Это было какое-то невозможное, именно что насекомое счастье, рожа-муравейник играла и светилась всеми оттенками кофе и масла, они роились, терлись, разлетались, менялись местами, переворачивались и перекрашивались.

«Вон оно что, – успел подумать Игорь, поднимаясь, – мечта сбылась… освободилось место менеджера по черному налу…»

– Вы что? – вякал задушенно Полторак, которого резким, стремительным движением Игорь попросту выволок из-за стола, поднял за шиворот одной рукой, как гадкую, невыразимо мерзкую зверюшку, и в ярости еще не понимая, куда же зашвырнуть и обо что размазать, держал перед собой.
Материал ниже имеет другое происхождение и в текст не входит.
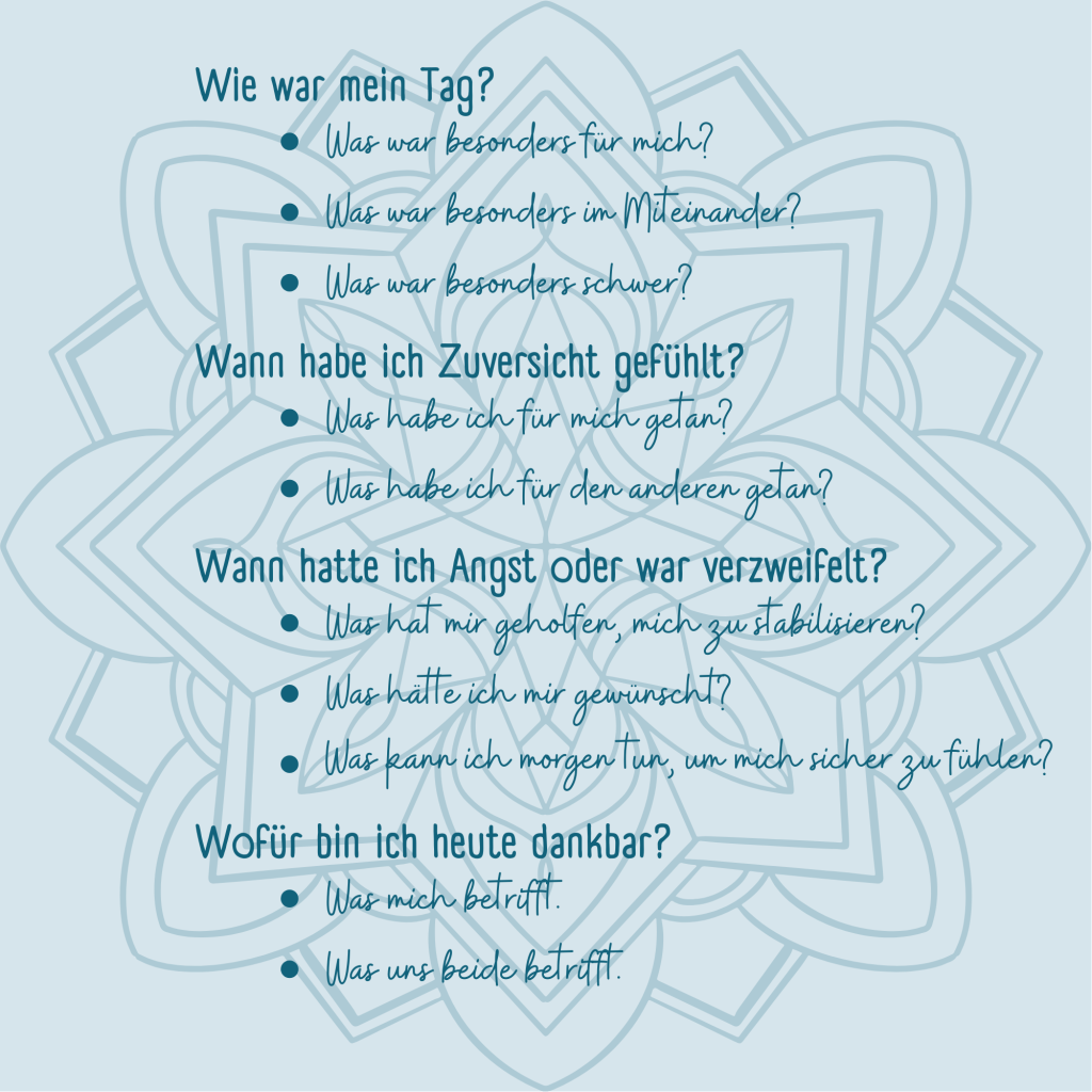 Daher haben wir ein Tagebuch extra für Angehörige entwickelt. Hier geht es vor allem darum, damit zu beginnen, diesem Tagebuch ihre Gedanken und Ängste anzuvertrauen, um die Seele zu entlasten. Ganz nebenbei bietet dieses Tagebuch Anregungen für Reflexionen, die helfen können, mit dem Schreiben zu beginnen.

Зеленые от ужаса глаза животного вдруг вспыхнули спасительным огнем:

– Да вы не поняли, – он взвизгнул, – Бобок живой, он жив, в реанимации Борис…

И снова все задвигалось, зашевелилось на этом мерзком, текучем, маргаринном лице без явной и определенной формы.

«Да как же, как же это все остановить, остановить раз и навсегда?» – в отчаянье не мог придумать Игорь – и вдруг решил, внезапно понял…

Он сжал до хруста жесткий воротник легонькой курточки, на руку накрутил и со всего размаху опустил Полтаракана прямо на горшочек с ростком разлапистой монстеры, святой и драгоценной рассады Запотоцкого, которая каталась и мешалась под ногами с того безумного момента, как Игорь, вне себя от гнева, выдернул мелкую тварь из-за рабочего стола…

Всадил, рассыпал землю, вдавил в широкую зеленую ладонь растения, и тут же, схватив теперь уже за грудки, опять поднял и, глядя в потухшее, окаменевшее, обретшее наконец четкую, восковую форму лицо сказал:

– Я тебя знаю, Щукин! Ты это понял? Я тебя знаю!

* * *

Это был один из тех подлых, предательских дней середины марта, что начинаются с нежной прозрачности и матовой, фарфоровой простоты неба, а заканчиваются метелью. Выезжая из Междуреченска в седьмом часу, Игорь еще надеялся, что это только здесь, в низинке между рек, в вечернем купоросе над головою дерутся и спорят между собой сахар и соль. А там, повыше, дальше будет лучше. Посветлее.